---------- Exercise inputs
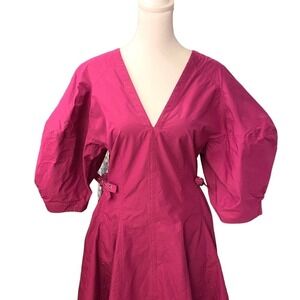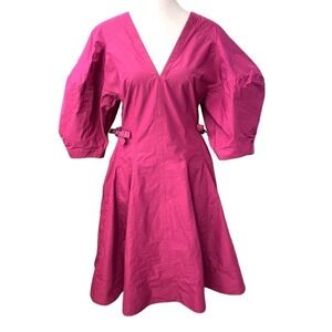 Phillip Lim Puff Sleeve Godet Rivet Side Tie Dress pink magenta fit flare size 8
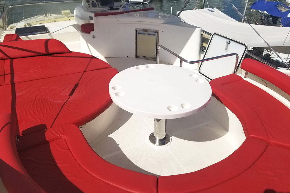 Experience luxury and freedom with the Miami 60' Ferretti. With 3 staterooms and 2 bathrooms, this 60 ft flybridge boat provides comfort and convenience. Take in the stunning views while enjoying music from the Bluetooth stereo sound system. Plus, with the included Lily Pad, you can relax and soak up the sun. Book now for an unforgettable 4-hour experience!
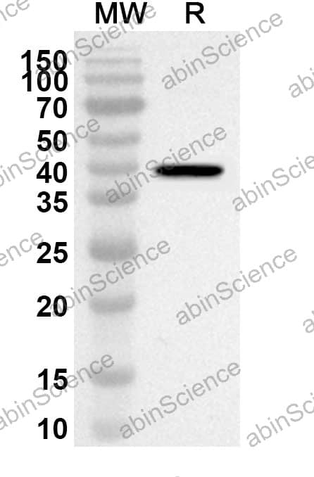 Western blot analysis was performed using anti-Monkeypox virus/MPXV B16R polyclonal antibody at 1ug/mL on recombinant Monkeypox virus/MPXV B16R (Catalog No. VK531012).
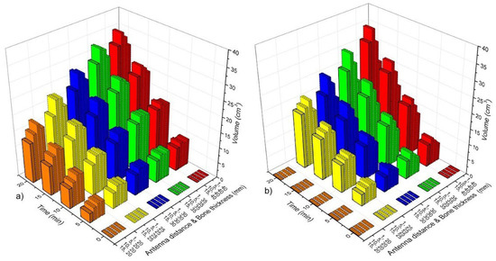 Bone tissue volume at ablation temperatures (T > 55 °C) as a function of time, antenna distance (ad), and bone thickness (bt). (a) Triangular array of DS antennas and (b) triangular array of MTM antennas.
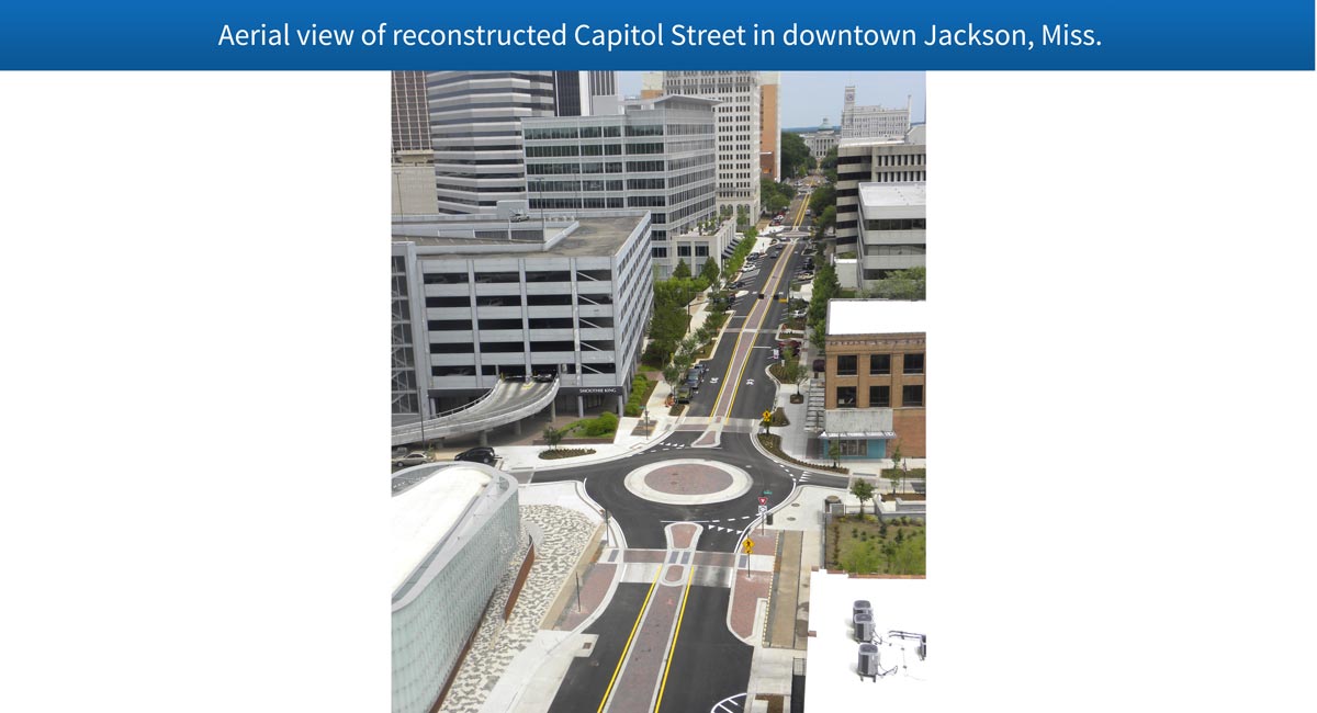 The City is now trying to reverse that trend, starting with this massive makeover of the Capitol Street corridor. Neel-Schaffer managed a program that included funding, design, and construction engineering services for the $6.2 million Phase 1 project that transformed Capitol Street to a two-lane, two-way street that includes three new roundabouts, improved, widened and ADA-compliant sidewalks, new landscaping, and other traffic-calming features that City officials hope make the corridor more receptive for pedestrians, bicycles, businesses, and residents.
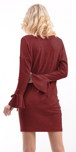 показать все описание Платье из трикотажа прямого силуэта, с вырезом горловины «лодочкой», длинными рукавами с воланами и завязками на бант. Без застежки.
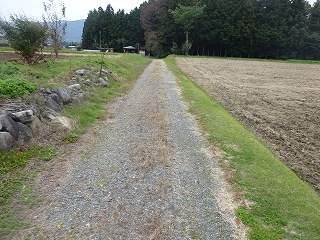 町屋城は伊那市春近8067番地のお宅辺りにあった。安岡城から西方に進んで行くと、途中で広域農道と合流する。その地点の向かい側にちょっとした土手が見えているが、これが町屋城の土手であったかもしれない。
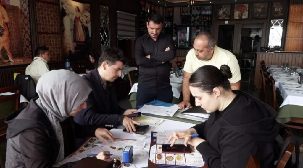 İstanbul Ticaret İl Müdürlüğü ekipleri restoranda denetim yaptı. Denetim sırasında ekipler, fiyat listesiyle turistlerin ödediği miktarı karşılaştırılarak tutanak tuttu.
--------------------
**What is needed:**
A faithful copy of all the data above is required, printed exactly and with no pictures.

**Answer for this exercise:**
 Phillip Lim Puff Sleeve Godet Rivet Side Tie Dress pink magenta fit flare size 8
 Experience luxury and freedom with the Miami 60' Ferretti. With 3 staterooms and 2 bathrooms, this 60 ft flybridge boat provides comfort and convenience. Take in the stunning views while enjoying music from the Bluetooth stereo sound system. Plus, with the included Lily Pad, you can relax and soak up the sun. Book now for an unforgettable 4-hour experience!
 Western blot analysis was performed using anti-Monkeypox virus/MPXV B16R polyclonal antibody at 1ug/mL on recombinant Monkeypox virus/MPXV B16R (Catalog No. VK531012).
 Bone tissue volume at ablation temperatures (T > 55 °C) as a function of time, antenna distance (ad), and bone thickness (bt). (a) Triangular array of DS antennas and (b) triangular array of MTM antennas.
 The City is now trying to reverse that trend, starting with this massive makeover of the Capitol Street corridor. Neel-Schaffer managed a program that included funding, design, and construction engineering services for the $6.2 million Phase 1 project that transformed Capitol Street to a two-lane, two-way street that includes three new roundabouts, improved, widened and ADA-compliant sidewalks, new landscaping, and other traffic-calming features that City officials hope make the corridor more receptive for pedestrians, bicycles, businesses, and residents.
 показать все описание Платье из трикотажа прямого силуэта, с вырезом горловины «лодочкой», длинными рукавами с воланами и завязками на бант. Без застежки.
 町屋城は伊那市春近8067番地のお宅辺りにあった。安岡城から西方に進んで行くと、途中で広域農道と合流する。その地点の向かい側にちょっとした土手が見えているが、これが町屋城の土手であったかもしれない。
 İstanbul Ticaret İl Müdürlüğü ekipleri restoranda denetim yaptı. Denetim sırasında ekipler, fiyat listesiyle turistlerin ödediği miktarı karşılaştırılarak tutanak tuttu.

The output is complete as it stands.